Il 20 giugno è la giornata mondiale del rifugiato.
La prima è stata celebrata nel 2001, in occasione della Giornata Africana del Rifugiato.
In molte città d’Italia si svolgeranno diverse iniziative organizzate da amministrazioni comunali, organizzazioni non governative e associazioni.

Secondo il Cir degli oltre 22 milioni di rifugiati nel mondo, circa 13 mila sono rifugiati in Italia, altri godono di protezione umanitaria.
I paesi da cui scappano sono soprattutto Turchia, Corno d’Africa, regione dei Grandi Laghi, Iraq, Afganistan, Pakistan, Balcani.

Queste persone fuggono dalla loro patria per numerose ragioni. Le più comuni sono la guerra, la carestia, il disastro ecologico, o la persecuzione etnica o religiosa.
Spesso l’Italia è solo una tappa della loro fuga ed è l’unico paese dell’Unione Europea che non ha una legge sul diritto di asilo.

Una ricorrenza che rischia di diventare ritualità, soprattutto in questo momento di stretta repressiva in Italia con l’imminente emanazione del regolamento di attuazione della Bossi Fini, dove il Piano Nazionale Asilo subisce pesanti tagli, in un’Europa che sta varando nuove leggi sull’immigrazione dove i diritti sono sempre più ristretti.
Preoccupante la situazione in Iraq e in tutto il Medio Oriente in pieno “dopo guerra” e in Liberia dove solo nella scorsa settimana ci sono state 400 vittime e in molti altri luoghi del pianeta terra dove sono in fuga milioni di persone che difficilmente trovano protezione.
Un esempio è la situazione delle 1250 persone che “vivono” all’interno della tendopoli al confine tra Iraq e Giordania, nella “terra di nessuno”, denunciata dall’ Associazione Ya Basta durante il recente viaggio in Giordania.

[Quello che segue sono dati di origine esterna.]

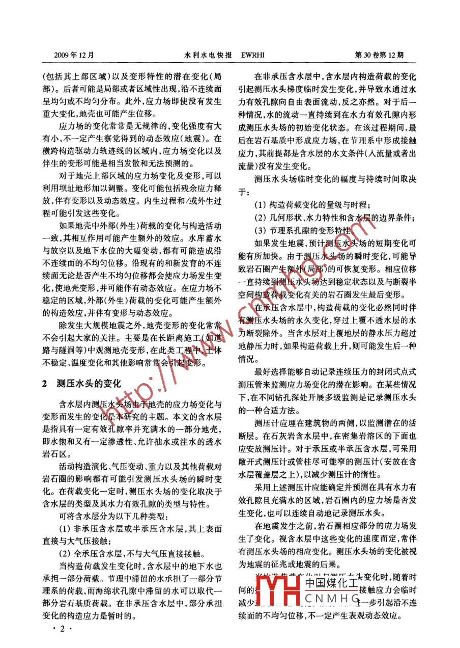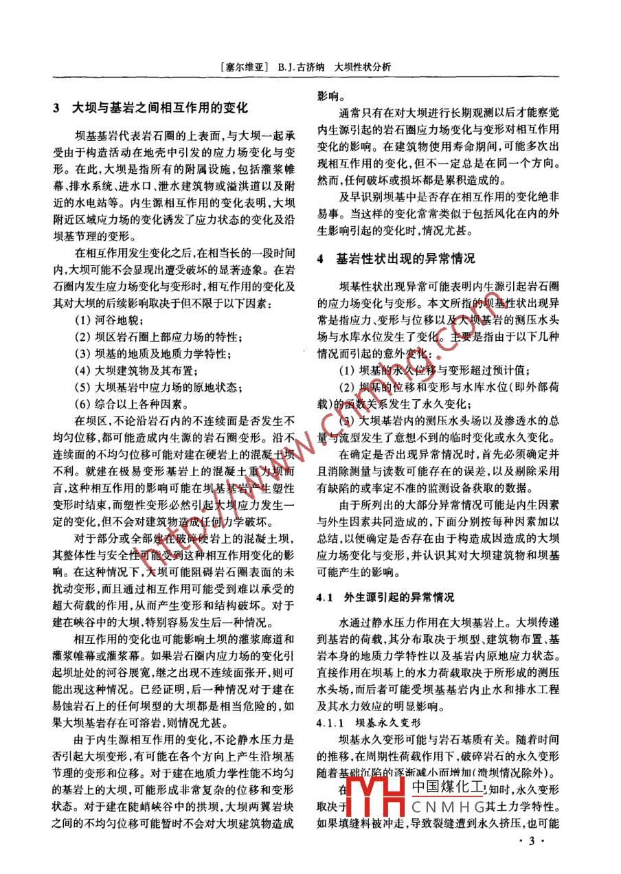 2009年12月.水利水電快報EWRHI .第30卷第12期試驗與研究文章編號: 100102009020000大壩性狀分析[塞爾維亞] B.J. 古濟納摘要:地殼的應力場變化與變形大多是由構(gòu)造活動引起的,不一定伴有表觀動態(tài)效應(即地震),并通過相互作用可能經(jīng)過壩基影響大壩。隨著大壩使用壽命的臨近,這種現(xiàn)象的發(fā)生及其對大壩性狀的累積影響變得更加可能。為了監(jiān)測大壩性狀并檢測可能存在的偏差,從設計階段開始直至整個運行期,都需要對其進行觀測。尤其是要盡早報告各種變化、確定其起源、預測其進一步的發(fā)展趨勢及其對大壩安全的影響。關鍵詞:大壩;壩變形;性能分析;應力分析中團分類號:TV698. 11文獻標識碼:A確定引起大壩性狀變化的實際原因,特別是在塊與不連續(xù)面)的特點是:具有影響地殼變形和應力早期觀測其變化,是一項極為復雜、涉及多個學科的場(即其對外生與內(nèi)生活動的響應)的地質(zhì)力學特工作。性。大壩性狀發(fā)生變化可能與以下情況有關:可以證明,地殼中表面應力場極不均勻,而且受(1)大壩和(或其基巖的物理力學性能發(fā)生了地形 溫度變化等的制約。地殼或巖石變形因荷載變化;變化產(chǎn)生的變化與基質(zhì)巖塊和一系列不連續(xù)面的變(2)巖石圈發(fā)生內(nèi)生演變過程(構(gòu)造活動),然形有關。不連續(xù)面的變形可能在兩個方向發(fā)生,或后經(jīng)過基巖傳遞到大壩。者垂直于不連續(xù)面(包括張開),或者沿不連續(xù)面可在上述兩種情況下,大壩性狀的變化或異??赡墚a(chǎn)生滑移,甚至可能兼而有之。第1種變形是垂能相似,本文對這兩個問題進行了研究。直于平面節(jié)理的應力變化的非線性函數(shù)。如果裂縫由于內(nèi)生活動引起的壩基性狀異常一般是間斷張開,巖石圈半空間就會發(fā)生局部斷裂。由于應力性發(fā)展和出現(xiàn)的,只有在大壩運行一段時期后 ,大壩變化,垂直于不連續(xù)面的應力趨于拉伸時,就會產(chǎn)生或其附屬建筑物已經(jīng)發(fā)生破壞時才能被發(fā)現(xiàn)。不連續(xù)面張開。本文旨在幫助及早發(fā)現(xiàn)和識別上述第2種現(xiàn)象地殼上部的應力場是由于重力、構(gòu)造活動以及及其對壩基性狀的影響,以及促進對監(jiān)測系統(tǒng)數(shù)據(jù)溫度變化形成的。應力場由主應力及最大主應力軌跡線表示。巖石圈內(nèi)的主應力通常隨深度的增加而解讀手段的升級和現(xiàn)代化。增大。觀測到地殼構(gòu)造活動區(qū)的應力場容易隨時間1地殼的應 力場變化與變形的變化而變化,即應力場是變化的,不受控制。某- -給定巖石圈區(qū)域發(fā)生變化的位置、范圍與速度及其本文將地殼視為- -個非均勻的半空間(或準空地質(zhì)力學特性取決于構(gòu)造活動以及外部因素的變間),將其分成若千個基質(zhì)巖塊和網(wǎng)格不連續(xù)面來進化,如土壤沖刷、石冰川巖層融化靜水壓力變化、滑行分析。不連續(xù)面主要是構(gòu)造活動和其他荷載及其坡活動、水庫蓄水等。變化產(chǎn)生的斷裂。半空間的兩個組成部分(基質(zhì)巖中國煤化工應的變形與位移收稿日期:2009-08-20FYHCNMHG2009年12月水利水電快報EWRHI .第30卷第12期(包括其上部區(qū)域)以及變形特性的潛在變化(局在非承壓含水層中,含水層內(nèi)構(gòu)造荷載的變化部)。后者可能是局部或者區(qū)域性出現(xiàn),沿不連續(xù)面引起測壓水頭梯度臨時發(fā)生變化,并導致水通過水呈均勻或不均勻分布。此外,應力場即使沒有發(fā)生力有效孔隙向自由表面流動,反之亦然。對于后一重大變化,地殼也可能產(chǎn)生位移。種情況,水的流動一直持續(xù)到在水力有效孔隙內(nèi)形應力場的變化常常是無規(guī)律的,變化強度有大成測壓水頭場的初始變化狀態(tài)。在該過程期間,最有小,不- -定產(chǎn)生察覺得到的動態(tài)效應(地震)。在后在巖石基質(zhì)中形成應力場,在節(jié)理系中形成接觸橫跨構(gòu)造驅(qū)動力軌跡線的區(qū)域內(nèi),應力場變化以及應力,其前提都是含水層的水文條件(人流量或者出伴生的變形可能是相當發(fā)散和無法預測的。流量)沒有發(fā)生變化。對于地殼上部區(qū)域的應力場變化及變形,可以測壓水頭場臨時變化的幅度與持續(xù)時間取決利用壩址地形加以調(diào)整。變化可能包括殘余應力釋于:放,伴有變形以及動態(tài)效應。內(nèi)生過程和/或外生過(1)構(gòu)造荷載變化的量級與時程;程叮能引發(fā)這些變化。(2)幾何形狀、水力特性和含水層的邊界條件;如果地殼中外部(外生)荷載的變化與構(gòu)造活動(3)節(jié)理系孔隙的變形特性。-致,其相互作用可能產(chǎn)生額外的效應。水庫蓄水如果發(fā)生地震,預計測壓水頭場的短期變化可與放空以及地下水位的大幅變動,都有可能造成沿能有所加快。由于測壓水頭場的瞬時變化,可能導不連續(xù)面的不均勻位移。沿現(xiàn)有的和新發(fā)育的不連致巖石圈產(chǎn)生額外(局部)的可恢復變形。相應位移續(xù)面無論是否產(chǎn)生不均勻位移都會使應力場發(fā)生變一直持續(xù)到測壓水頭場達到穩(wěn)定狀態(tài)以及與斷裂半化,使地殼變形,并可能伴有動態(tài)效應。在應力場不空間構(gòu)造荷載變化有關的巖石圈發(fā)生最后變形。穩(wěn)定的區(qū)域,外部(外生)荷載的變化可能產(chǎn)生
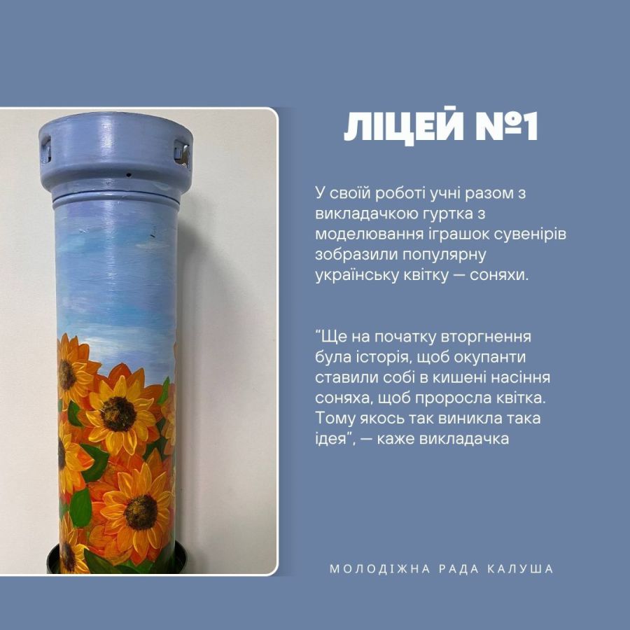 На початку проведення благодійної акції "Мистецтво заради Перемоги" учнів Калуського ліцею №1 попросили розмалювати один з тубусів на розіграш. В результаті вони на ньому зобразили жовті соняхи та мирне небо, інформують "Вікна" з посиланням на Молодіжну раду при Калуській міськраді.
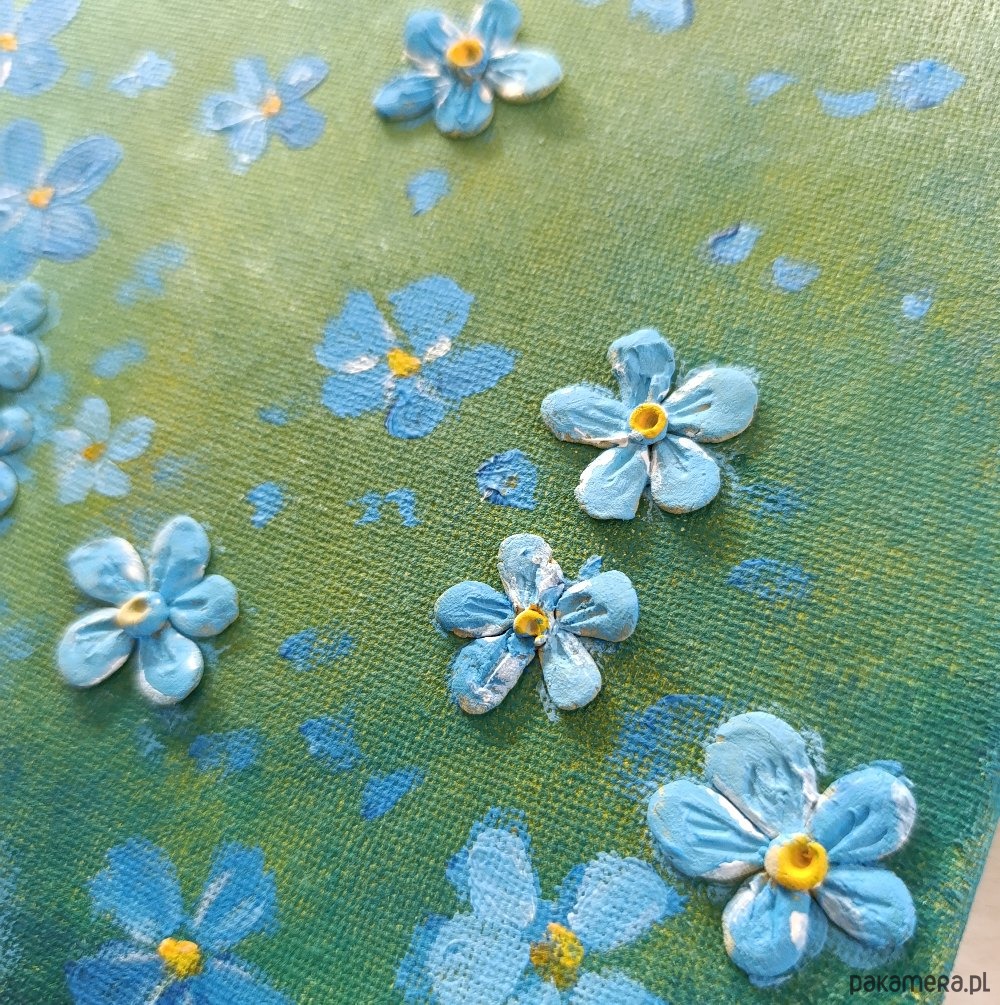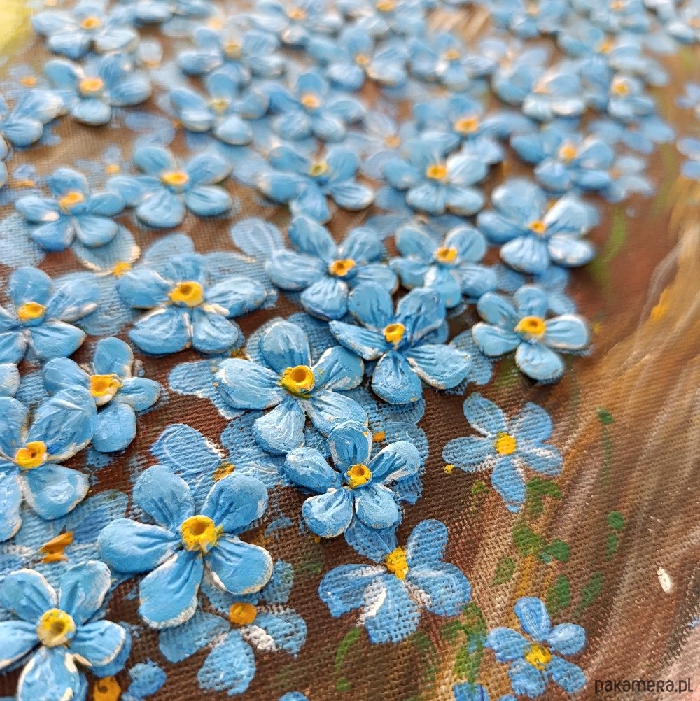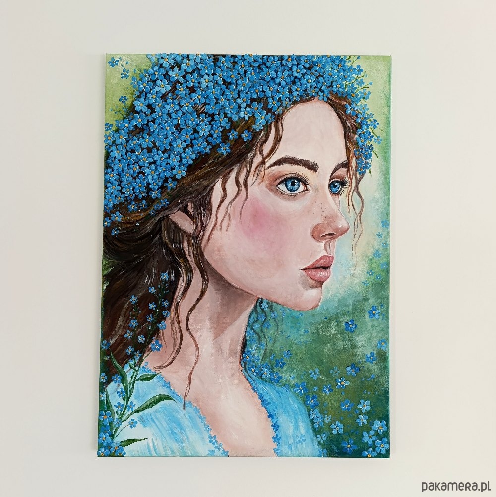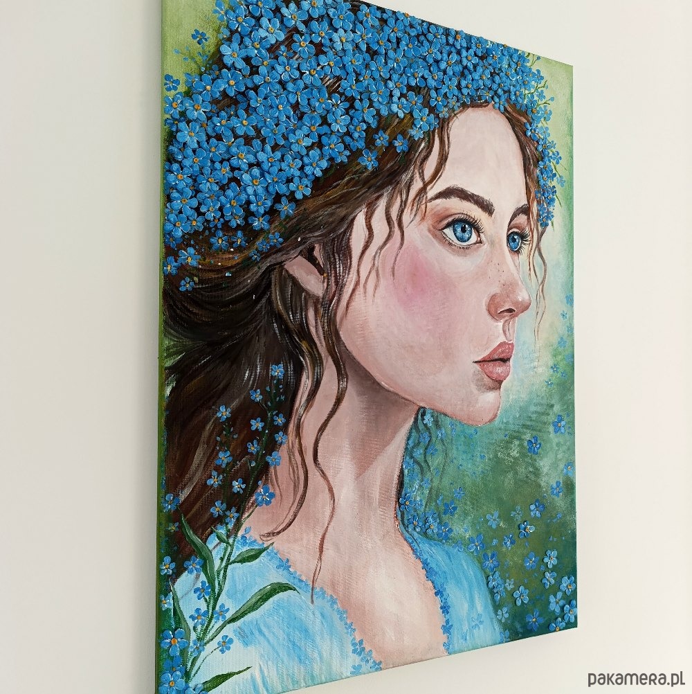Ręcznie malowany wysokiej jakości farbami akrylowymi obraz na płótnie. To subtelny portret kobiety zanurzonej w świecie niezapominajek — delikatnych, ale pełnych symboliki kwiatów. W obrazie połączyłam malarstwo z rzeźbieniem struktury, dzięki czemu kwiaty są trójwymiarowe i niemal „dotykalne”.
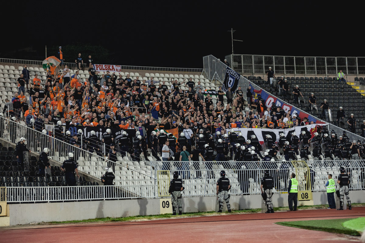 Wkurwienie narastało wyjątkowo, ale w końcu nadeszła godzina 18:30 i dostaliśmy zgodę na wjazd na terytorium Serbii. W tym momencie już tylko każdy liczył na jak najszybsze dotarcie pod bramy stadionu Partizana. Początek trasy napawał optymizmem, kolejne kilometry mijały w dość przyzwoitym tempie. Niestety, w pewnym momencie konwój zwolnił i nastąpiło przekazanie nas w ręce żandarmerii, która za punkt honoru obrała sobie wkurwienie nas do granic możliwości i transportowanie z zabójczą prędkością 60km/h. Kilka prób wyprzedzenia "pilota" kończy się na zatrzymaniu całej grupy i nerwową wymianą zdań z prowodyrami całego zamieszania. Po chwili ruszamy dalej. W tym momencie każdemu z nas już zależało tylko na tym, żeby zdążyć chociaż na chwilę meczu. Dość sprawny przejazd przez miasto i wreszcie meldujemy się pod bramami. Tu niestety po raz kolejny nie popisali się miejscowi stróże prawa i każdy autokar osobno przechodził kontrolę na sektor, która mimo wszystko szła dość sprawnie. Porządkowi nie byliby sobą, gdyby znów na coś bystrego nie wpadli. Wszelkie potencjalnie niebezpieczne element typu zapalniczki czy monety dostały zakaz stadionowy. Pierwsza grupa eskapady melduje się na sektorze około 60 minuty meczu, ale nie wszyscy mieli tyle szczęścia i ostatnie osoby wchodzą w okolicach 80 minuty spotkania.
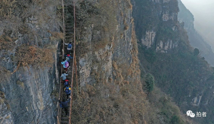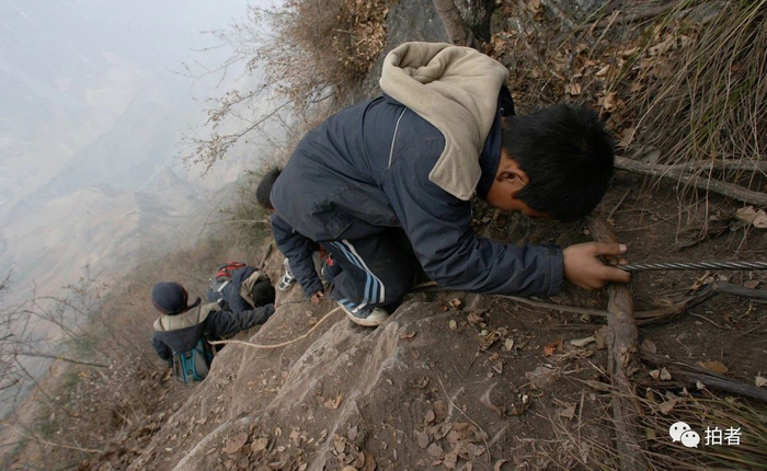2007年,新京报记者曾拍摄他们接送20多个学生走悬崖、爬木梯上下山的经过。
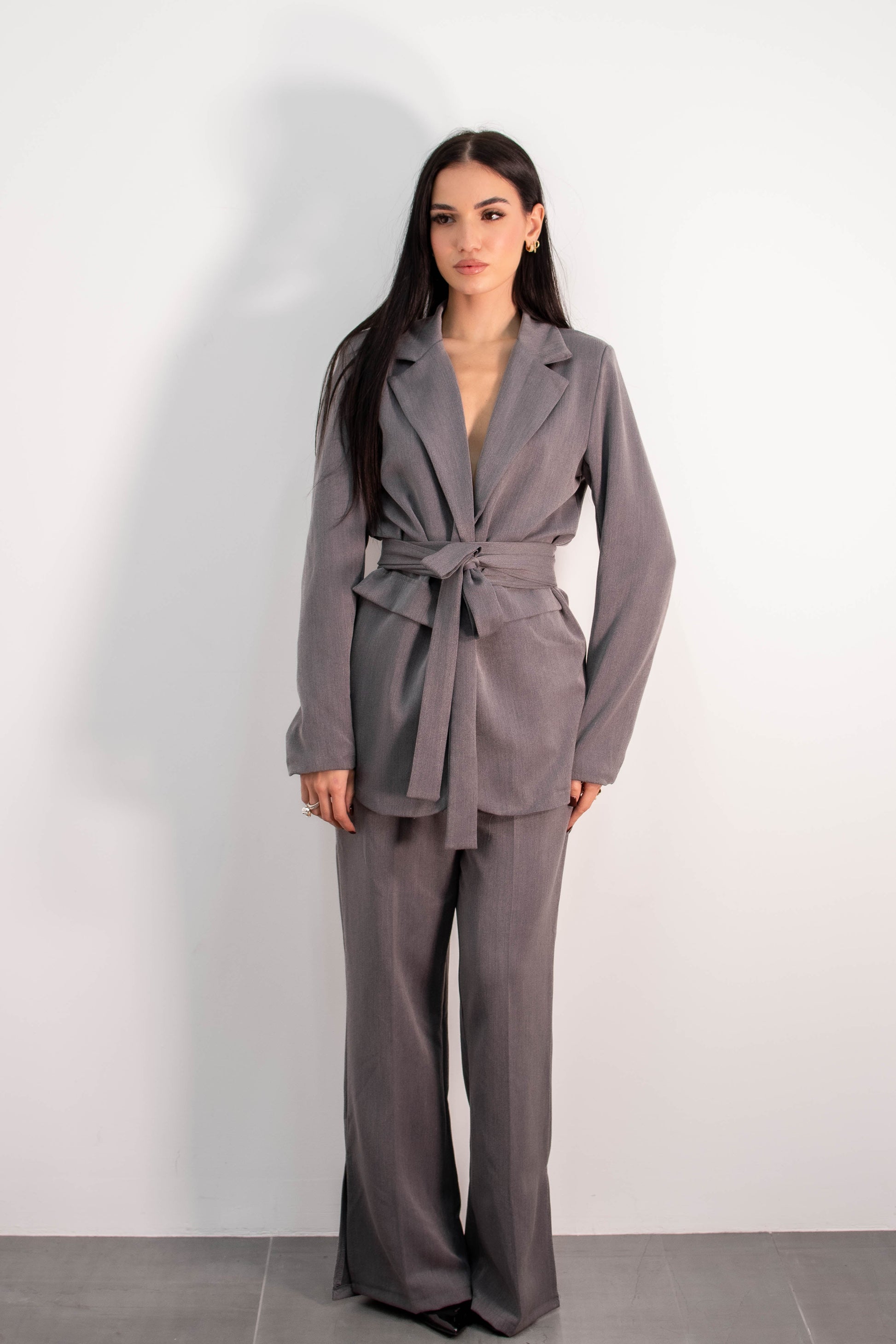 Este conjunto negro con blazer cruzado y cinturón marca la silueta con elegancia, mientras el pantalón fluido aporta movimiento y comodidad.
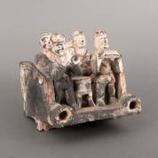 Chinese polychroom beschilderde aardewerk beeldengroep: vijf muzikanten in een kar, Han-stijl, aangekocht bij 'Gallery of Art, Aziatische Kunst en Antiek', Horst-L., Nederland, december 1979 -voet van muzikant linksvoor gelijmd, as voor de wielen aan beide uiteindes gebroken, aankoopfactuur bijgevoegd-, 26 x 26 x 27 cm
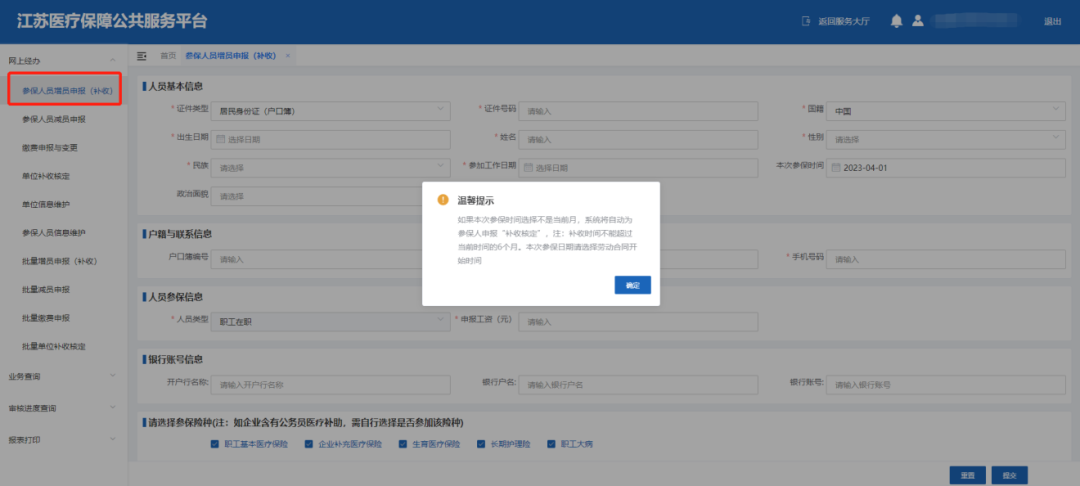 ②输入职工基本信息,“本次参保时间”请选择参保人劳动合同开始月份,如本次参保时间选择不是当前月,系统将自动为参保人申报“补收核定”,“参加工作日期”早于“本次参保时间”即可,确认信息无误后,申报提交。
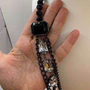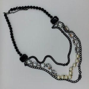 SAO Multi Strand Statement Necklace Black White Clear Fashion Jewelry J720
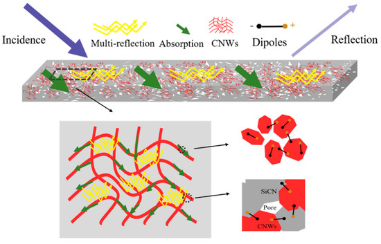 In the previous section, we mentioned that Yin et al. [30] used PDCs-SiCN modified with carbon nanowires (CNWs) network to prepare efficient microwave absorbing materials. RCmin reached −51 dB at a thickness of 2.7 mm, and the EAB was 3.0 GHz, showing excellent microwave absorption performance. This is because CNTs and CNWs materials have a unique one-dimensional structure with a relatively low percolation threshold, which makes it easy to form an effective conductive network [85]. In the dielectric loss, in addition to increasing the conduction loss of PDCs, CNWs have large specific surface area, rough surface, and abundant pits/defects, which also increase the polarization loss of PDCs [86]. Figure 9 depicts the attenuation process when electromagnetic waves interact with PDCs-SiCN/CNWs composites [30]. When the incident electromagnetic wave and the composite material reach impedance matching, a small amount of electromagnetic wave is reflected, and the remaining electromagnetic wave penetrates into the composite material. Once the electromagnetic wave enters the composite material, the unique hierarchical porous structure of CNWs can repeatedly scatter the incoming electromagnetic wave. Therefore, it is difficult for electromagnetic wave to leave the composite material before being attenuated. At the same time, as a typical carbon material, CNWs have excellent electrical conductivity. When CNWs form a conductive network, once an electric field is applied, the incident energy can be converted into current, resulting in strong conduction loss. Moreover, the polarization caused by the internal defects of CNWs also makes a great contribution to the stronger polarization loss. Therefore, many researchers have focused on the development of electromagnetic wave absorbing materials with special microstructures, including porous structures, core-shell structures, and heterostructures. These electromagnetic wave absorbing materials can greatly enhance the electromagnetic wave absorption performance due to interface polarization, multiple reflections, and synergistic effects [19,87,88,89,90].
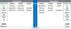 The Flyers started the third with a powerplay but it was the Devils who almost got the first chance when Sanford nearly had a breakaway but he let the puck slide off his stick. The Devils returned to full strength but in the 43rd minute they had the man advantage. The Flyers penalty kill again did a great job, allowing a couple of shots from distance, making a couple of big shot blocks but generally keeping everything to the outside. Just as the Flyers returned to full strength Alderson forced a shoulder save by Owen. In the 47th minute the Flyers sprung on a 3 on 2 break but Chiodo fired high over the crossbar with the Devils quickly countering and Brady Pouteau made a fantastic sliding block with his stick as the Devils threatened. Sanford was having most of the Devils chances and a minute later he again saw Owen come up with a solid save before then denying Martin on the follow up chance. The visitors almost had the lead for a fourth time when Chiodo stole into the Devils zone with the puck and he pinged a post with a quick shot before Martin then stripped the puck away from him as he tried the wraparound. Owen was back in action at the other end as he made a double save with a particularly strong effort to stop Brandt. The Flyers went on the powerplay with 8 minutes remaining but despite enjoying a lot of zone time and moving the puck around well they just couldn’t find an opening on Wall and with 30 seconds to go they were called for a penalty and so the teams skated 4 on 4. Osterberg and Pulkkinen combined well and Wall made a great save from the latter before the Devils returned to full strength and once again the Flyers penalty kill was solid with Cody Donaghey coming closest in the final seconds as he drove wide of the target. Trevor Cox had a tip at the post well saved by a sprawling Owen with 4 minutes to go. The Devils almost stole the points in the final minute but once again Owen stood tall as he flashed the leather to deny Justin Crandall from the slot.

Dal 19 al 21 giugno al Vertice europeo di Salonicco i governi si accorderanno su come gestire la difesa delle frontiere esterne cioè meno accoglienza e asilo. Altro tema all’ordine del giorno la proposta di Blair di deportare i richiedenti asilo in lager istituiti in paesi extra UE come Croazia e Albania.

Molti potenziali richiedenti asilo stanno sbarcando in questi giorni sulle coste italiane, come avviene ogni estate quando fa caldo ed il mare è meno pericoloso (non lo è stato, purtroppo, per le ultime vittime del Canale di Sicilia). Umanità in fuga dalla guerra, dalla miseria, dalla fame, da un futuro senza prospettive.
Ed ecco che risuona l’allarme invasione, ecco le polemiche tra i politici, le regole più repressive.

Ma qual’è la tutela in Italia dei richiedenti asilo, rifugiati, in questo momento?

Ce la ricordano i 32 cittadini kurdi che hanno deciso di intraprendere uno sciopero della fame dopo essersi visti rifiutare la domanda di asilo, richieste esaminate in modo superficiale e troppo in fretta da Commissioni che giudicano la Turchia un paese democratico.

Melting Pot vuole denunciare una realtà che per queste persone è drammatica e che deve fare i conti con la totale mancanza di una rete di accoglienza. L’Italia non ha centri di prima accoglienza che siano degni di questo nome, non si sta sviluppando una politica che guardi verso la garanzia di diritti. L’immigrazione viene vissuta, nella sua complessità, solo come problema di ordine pubblico e di sicurezza interna.

Abbiamo notizie di espulsioni frettolose di chi avrebbe diritto alla protezione, di roulotte in fila nelle piste di ex aeroporti a cui non si può accedere, di centri di detenzione che presto avranno una parte riservata all’internamento dei richiedenti asilo.

Quale significato possiamo dare a questa giornata se non lasciare da parte la retorica per creare presupposti politici per una accoglienza reale, che serva a globalizzare i diritti, per il riconoscimento del diritto per una persona a venire in Europa per “ricerca lavoro”, per l’attuazione di politiche che siano improntate sul rispetto e la dignità di esseri umani la cui unica colpa è di provenire da paesi extra – UE.